Сама по себе форма «утопии», какую Сирано придал своим обоим трактатам, не должна нас удивлять. Классическая «Утопия» Томаса Мора и «Государство Солнца» Кампанеллы достаточно хорошо показывают, как охотно пользовались этой формой писатели предшествовавшей Сирано эпохи, особенно когда хотели изложить свои мысли несколько прикровенно. Кроме двух сейчас упомянутых, всемирно известных утопических трактатов, появлялись и многие другие, память о которых хранят теперь только историки книги. Один из подобных трактатов, оказал, однако, непосредственное влияние на нашего автора. Среди лиц, встреченных Сирано на Луне, после того как он изгнан был из рая, упоминается никому не известный среди действительно живших на земле людей, некий испанец Доминго Гонзалес. Это имя является ключом к объяснению некоторых литературных заимствований, сделанных Сирано. В 1638 г. в г. Перте, в Шотландии, было издано сочинение английского епископа Френсиса Годуина, «Человек на Луне или рассказ о путешествии туда, совершенном Доминго Гонзалесом». В сочинении Годуина рассказывается о том, как севильянец Гонзалес, сражавшийся в Нидерландах и благополучно вернувшийся домой, должен был вследствие какого-то поединка бежать в 1596 г. в Индию. Нажив там хорошее состояние, он на обратном пути заболел и был высажен на острове св. Елены. Выздоровев и ведя на острове жизнь Робинзона, Гонзалес занимается дрессировкой диких лебедей. Последние переносят его на остров Тенериф; здесь, спасаясь от туземцев, он при помощи лебедей поднимается на вершину Пико де Тенерифа, откуда те же лебеди уносят его все выше и выше и наконец переносят на Луну. Следует описание лунного мира и похождений Гонзалеса. Населяющие его существа говорят особым языком, в котором слова заменяются музыкальными звуками — точь в точь как это происходит у жителей луны, выводимых Сирано. Смерть лунного жителя есть праздник и для него и для его окружающих: и эту мысль развивает Сирано в своем трактате. Те же лебеди возвращают Гонзалеса на землю, и опускают его в Китае, откуда он на этот раз уже вполне благополучно возвращается в Испанию. Этого именно Гонзалеса Сирано выставляет как одного из людей, встреченных им самим на Луне, и как одного из своих руководителей в мире странных и враждебных существ, которых он там встретил.

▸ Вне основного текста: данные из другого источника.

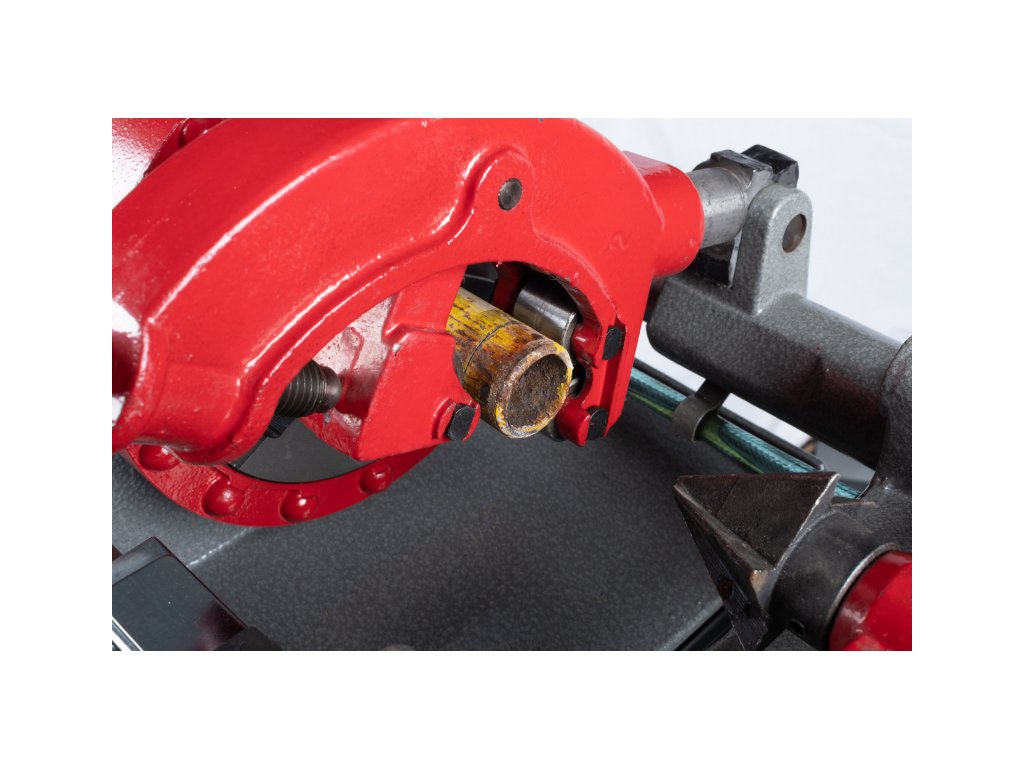 materiálu. Konstrukci stroje doplňuje pevný otočný hrot pro stržení vnitřní strany trubky.
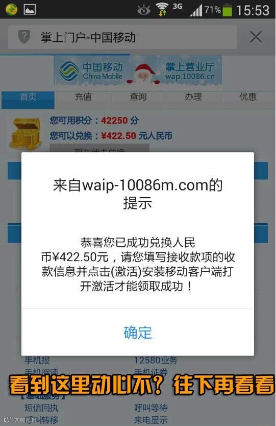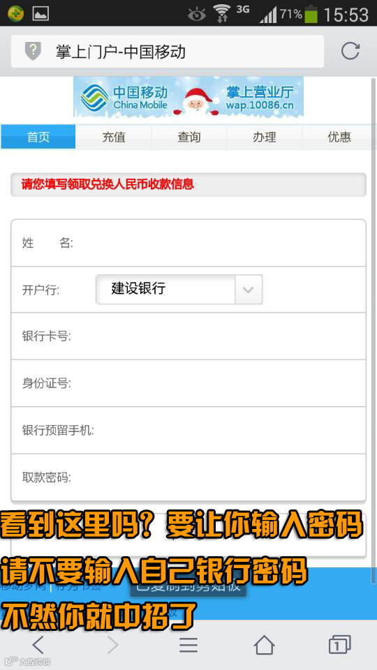 所以,在此提醒各位手机用户要小心,不要贪小便宜,以防受骗,没经验的用户看到网址是10086字眼就以为是真的,但大家看清楚,上面还有一个m字的,是10086m.com,很明显这是一个钓鱼网站,千万不要按上面的方法操作,不然你会损失惨重!
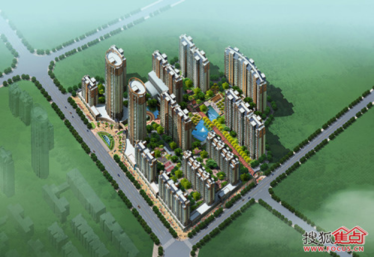 文昌新卷项目自西向东分为三个建筑组团“幸福花开”、“城市广场”、“金色东方”。
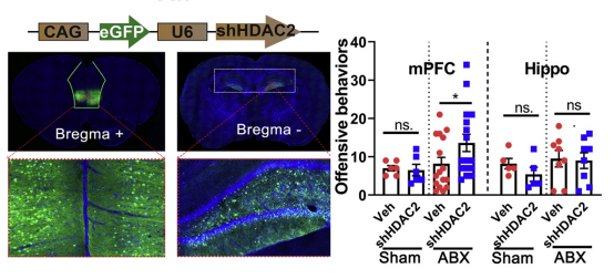Finally, this study has shown that sodium butyrate acts as an inhibitor of histone deacetylase 2 (HDAC2) to exert a protective effect across the blood-brain barrier into the brain. HDAC2 levels were increased in the medial prefrontal cortex (mPFC) region of rats after receiving antibiotic treatment, and decreased after intraperitoneal injection of sodium butyrate or intestinal transplantation with Clostridium butyricum. Specific knockdown of neuronal HDAC2 levels in the mPFC region of colony-disordered rats by viral tools promotes dominance (shown inFigure 2). In summary, this study reveals the epigenetic mechanism by which the gut-brain axis shapes social hierarchical status: antibiotic-induced gut flora disruption is followed by elevated levels of HDAC2 in the mPFC region of the brain, reduced excitatory postsynaptic currents, and ultimately a shift in hierarchical status.
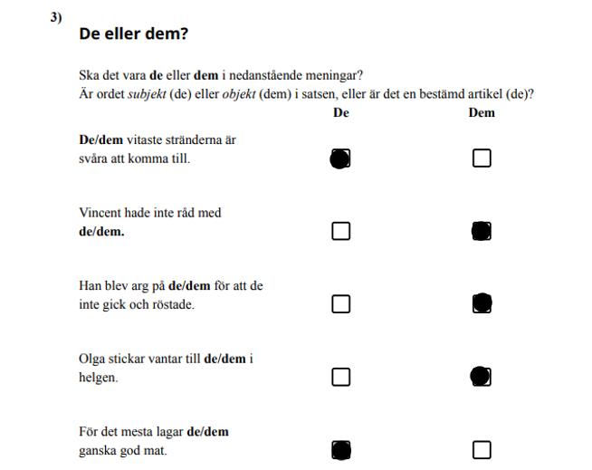 Om [de/dem] är objekt, ska det vara objektsformen (dem).
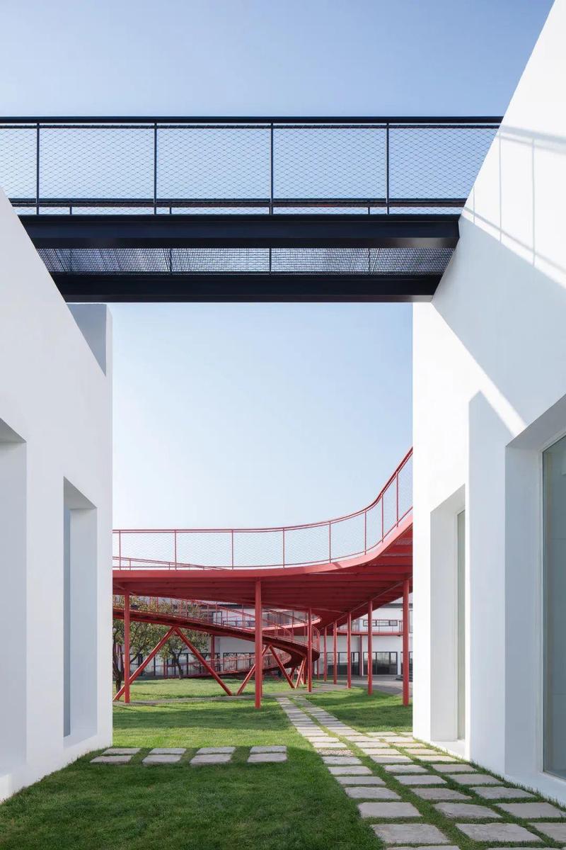 现状北院为水泥砖硬质铺地,置入圆环坡道和钢格栅平台,联系西侧儿童营地与东侧餐厅屋顶露台,使得孩子们可以在不同标高奔跑玩耍,钢格栅平台同时为地面草坪活动提供了的半透明遮阳区,使空间呈现了戏剧性的整体感。
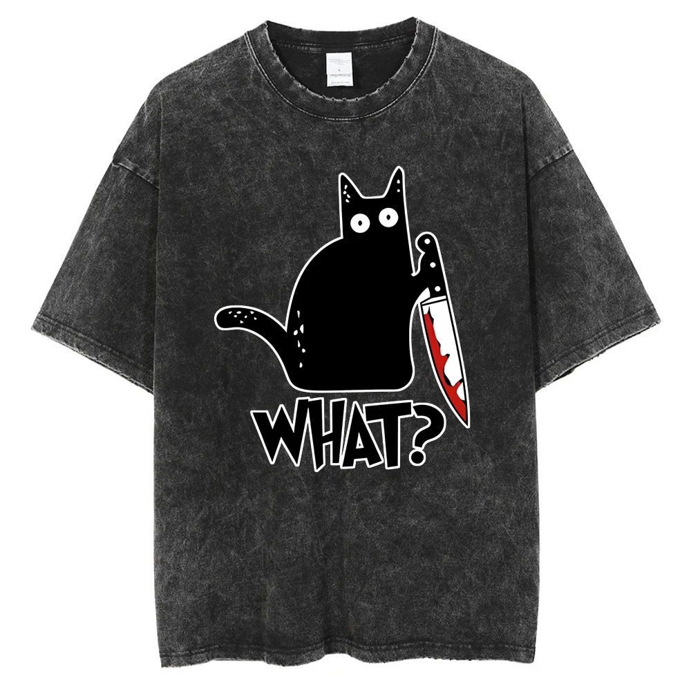 Bring playful energy to your streetwear collection with this Cat Print Acid Washed T-Shirt. Crafted from 100% premium cotton, it offers breathability, softness, and comfort — making it perfect for casual summer wear.

Сочинение Годуина имело некоторый успех. Во всяком случае в 1648 году появился французский его перевод, исполненный Жаном Бодуэном, одним из первых членов Французской Академии, незадолго перед тем учрежденной Ришелье. Что Сирано знал сочинение Годуина и воспользовался им для некоторых деталей, это несомненно. Возникает лишь вопрос, читал ли он его в подлиннике или познакомился с ним во французском переводе. Если принять во внимание, что «Государства Луны» были закончены в 1650 году, то ничто не мешает предположить, что он имел полную возможность воспользоваться переводом Бодуэна. Один из новейших биографов Сирано — Лефевр высказывает даже предположение, что первое знакомство с сочинением, носившим заглавие почти тождественное с тем, которое он думал дать своему собственному труду, могло озадачить писателя-неудачника. Но затем он должен был успокоиться: сочинение Годуина не претендовало на ученость и не ставило себе целью проповедовать философские учения; его задачей было скорее пропагандировать среди англичан начинавшую у них развиваться любовь к заморским путешествиям. Сирано имел полное основание думать, что его трактат, полный научной мысли, уничтожит самое воспоминание о почти одноименной книге Годуина. Он взял из нее несколько отдельных черт и успокоился.

Говоря о тех литературных произведениях XVII века, которыми Сирано мог пользоваться, делая из них те или иные заимствования, следует отметить плодовитого автора повестей и романов, старшего современника Сирано — Шарля Сореля. Так из его «Причудливого пастуха» (Berger extravagant) он взял мысль о пользовании носом в качестве солнечных часов, а из длинного романа Сореля — «Франсион» (Francion) он заимствовал мысль об оплате мелких услуг и покупок произнесением стихов, сделав это общепринятым обычаем у обитателей Луны.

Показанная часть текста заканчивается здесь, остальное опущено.